*Task input*:
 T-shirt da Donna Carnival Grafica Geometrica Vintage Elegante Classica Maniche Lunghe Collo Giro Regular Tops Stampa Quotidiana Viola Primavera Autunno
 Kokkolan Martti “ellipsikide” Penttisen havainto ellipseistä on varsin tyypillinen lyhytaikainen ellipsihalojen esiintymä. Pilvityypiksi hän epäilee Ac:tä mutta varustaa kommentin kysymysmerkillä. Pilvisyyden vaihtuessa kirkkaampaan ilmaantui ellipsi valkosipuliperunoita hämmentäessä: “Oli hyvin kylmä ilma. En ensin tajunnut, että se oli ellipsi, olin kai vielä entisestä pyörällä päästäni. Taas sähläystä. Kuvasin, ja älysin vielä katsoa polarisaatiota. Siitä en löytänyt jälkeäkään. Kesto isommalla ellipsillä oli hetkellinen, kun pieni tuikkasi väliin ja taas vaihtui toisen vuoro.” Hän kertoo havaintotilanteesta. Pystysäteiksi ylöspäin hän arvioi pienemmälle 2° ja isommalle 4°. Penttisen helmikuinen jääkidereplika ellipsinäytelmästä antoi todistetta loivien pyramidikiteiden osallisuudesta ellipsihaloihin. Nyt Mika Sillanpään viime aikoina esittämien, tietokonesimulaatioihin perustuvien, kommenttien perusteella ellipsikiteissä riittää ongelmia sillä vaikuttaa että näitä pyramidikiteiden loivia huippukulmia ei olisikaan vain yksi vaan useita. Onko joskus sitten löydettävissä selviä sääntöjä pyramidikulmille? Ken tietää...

==

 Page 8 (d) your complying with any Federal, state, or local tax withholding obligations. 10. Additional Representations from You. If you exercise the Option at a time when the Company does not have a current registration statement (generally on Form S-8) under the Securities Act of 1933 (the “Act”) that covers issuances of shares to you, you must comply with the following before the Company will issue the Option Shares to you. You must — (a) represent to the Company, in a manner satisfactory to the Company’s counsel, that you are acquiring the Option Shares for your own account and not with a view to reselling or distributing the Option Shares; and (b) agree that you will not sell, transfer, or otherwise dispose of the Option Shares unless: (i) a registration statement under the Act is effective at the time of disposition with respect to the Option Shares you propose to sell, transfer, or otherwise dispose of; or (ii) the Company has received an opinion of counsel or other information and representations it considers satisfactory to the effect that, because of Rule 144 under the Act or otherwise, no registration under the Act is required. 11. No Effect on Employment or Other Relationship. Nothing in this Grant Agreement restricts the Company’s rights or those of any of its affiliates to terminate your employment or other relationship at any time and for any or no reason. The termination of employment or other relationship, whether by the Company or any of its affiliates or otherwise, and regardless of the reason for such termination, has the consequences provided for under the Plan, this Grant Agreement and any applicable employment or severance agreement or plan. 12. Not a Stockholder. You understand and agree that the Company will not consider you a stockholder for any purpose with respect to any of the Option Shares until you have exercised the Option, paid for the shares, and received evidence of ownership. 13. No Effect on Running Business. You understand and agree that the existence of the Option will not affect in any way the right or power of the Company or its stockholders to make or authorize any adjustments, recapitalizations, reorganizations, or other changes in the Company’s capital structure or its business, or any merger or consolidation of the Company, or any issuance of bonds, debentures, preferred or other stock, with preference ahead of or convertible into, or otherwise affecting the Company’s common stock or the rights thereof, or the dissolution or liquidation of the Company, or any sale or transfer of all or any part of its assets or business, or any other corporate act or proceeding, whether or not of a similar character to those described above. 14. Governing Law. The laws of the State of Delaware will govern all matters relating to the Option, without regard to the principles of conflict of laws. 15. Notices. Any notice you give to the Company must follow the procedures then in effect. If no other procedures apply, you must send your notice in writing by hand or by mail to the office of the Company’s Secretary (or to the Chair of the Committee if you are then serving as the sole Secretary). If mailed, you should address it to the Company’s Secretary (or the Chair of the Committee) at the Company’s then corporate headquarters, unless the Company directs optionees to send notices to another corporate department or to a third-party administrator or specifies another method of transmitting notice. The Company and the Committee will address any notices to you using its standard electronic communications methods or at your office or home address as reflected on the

* * *

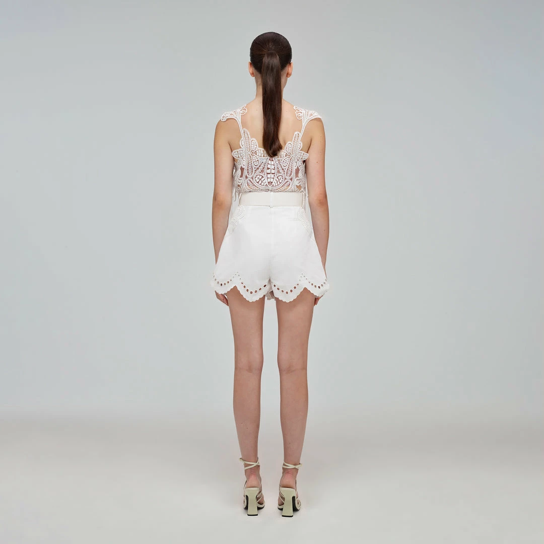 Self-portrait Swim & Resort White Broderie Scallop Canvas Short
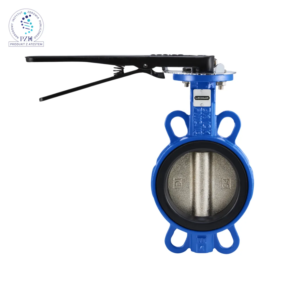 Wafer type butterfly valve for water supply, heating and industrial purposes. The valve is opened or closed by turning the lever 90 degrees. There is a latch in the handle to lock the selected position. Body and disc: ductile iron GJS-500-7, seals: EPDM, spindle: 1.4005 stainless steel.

*Assignment*: Beginning with the line containing "T-shirt da Donna" and ending with the line containing "pyramidikulmille? Ken tietää...", extract those lines exactly from the listing above, and only those.

*Expected output*:
 T-shirt da Donna Carnival Grafica Geometrica Vintage Elegante Classica Maniche Lunghe Collo Giro Regular Tops Stampa Quotidiana Viola Primavera Autunno
 Kokkolan Martti “ellipsikide” Penttisen havainto ellipseistä on varsin tyypillinen lyhytaikainen ellipsihalojen esiintymä. Pilvityypiksi hän epäilee Ac:tä mutta varustaa kommentin kysymysmerkillä. Pilvisyyden vaihtuessa kirkkaampaan ilmaantui ellipsi valkosipuliperunoita hämmentäessä: “Oli hyvin kylmä ilma. En ensin tajunnut, että se oli ellipsi, olin kai vielä entisestä pyörällä päästäni. Taas sähläystä. Kuvasin, ja älysin vielä katsoa polarisaatiota. Siitä en löytänyt jälkeäkään. Kesto isommalla ellipsillä oli hetkellinen, kun pieni tuikkasi väliin ja taas vaihtui toisen vuoro.” Hän kertoo havaintotilanteesta. Pystysäteiksi ylöspäin hän arvioi pienemmälle 2° ja isommalle 4°. Penttisen helmikuinen jääkidereplika ellipsinäytelmästä antoi todistetta loivien pyramidikiteiden osallisuudesta ellipsihaloihin. Nyt Mika Sillanpään viime aikoina esittämien, tietokonesimulaatioihin perustuvien, kommenttien perusteella ellipsikiteissä riittää ongelmia sillä vaikuttaa että näitä pyramidikiteiden loivia huippukulmia ei olisikaan vain yksi vaan useita. Onko joskus sitten löydettävissä selviä sääntöjä pyramidikulmille? Ken tietää...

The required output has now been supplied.